Online Article, Page 82, PubMed:19907723

Online Article: Mechanical properties and three-body wear of dental restoratives and their comparative flowable materials
Schultz, Sabine / Rosentritt, Martin / Behr, Michael / Handel, Gerhard
Objective: To compare wear performance and resistance to crack propagation (K1C) of commercial restorative materials and their flowable variations. A potential correlation between three-body wear and fracture toughness, modulus of elasticity, fracture work, Vickers hardness, and filler content was investigated.

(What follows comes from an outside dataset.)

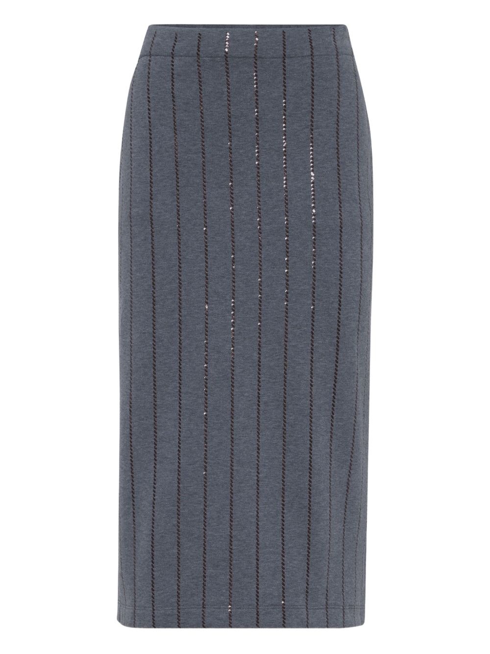 Cotton smooth French terry midi skirt with dazzling chalk stripe embroidery

Method and Materials: Seven restoratives (five composites, one ormocer, and one compomer) and their corresponding flowable materials were used to determine and compare the three-body wear with a bolus of millet-seed shells and rice food (Willytec). The wear characteristics were measured by profilometry after 50,000, 100,000, 150,000, and 200,000 loading cycles. The fracture toughness value, K1C (MPam1/2), for each single-edged notched specimen was measured in a three-point bending test (universal testing machine 1446, Zwick). Fracture work and modulus of elasticity were calculated from the load curves. Vickers hardness was measured (HV hardness tester, Zwick) according to DIN 50133. The veneering composite Sinfony (3M ESPE) was used as a reference material.
Results: Heavily filled composites experienced less wear than their flowable variations. The nanofiller composites revealed better wear results than hybrid composites, compomers, and ormocers. After 200,000 load cycles, the lowest wear rates were detected for Grandio (14 µm; Voco), and the highest mean values were found for Dyract AP (104 µm; Dentsply DeTrey). The values for fracture toughness (K1C) ranged from 0.82 to 3.64 MPam1/2. Highest K1C data was exhibited by the nanocomposite Nanopaq (Schütz Dental). All tested restorative materials exhibited higher fracture toughness than their low-viscosity variations.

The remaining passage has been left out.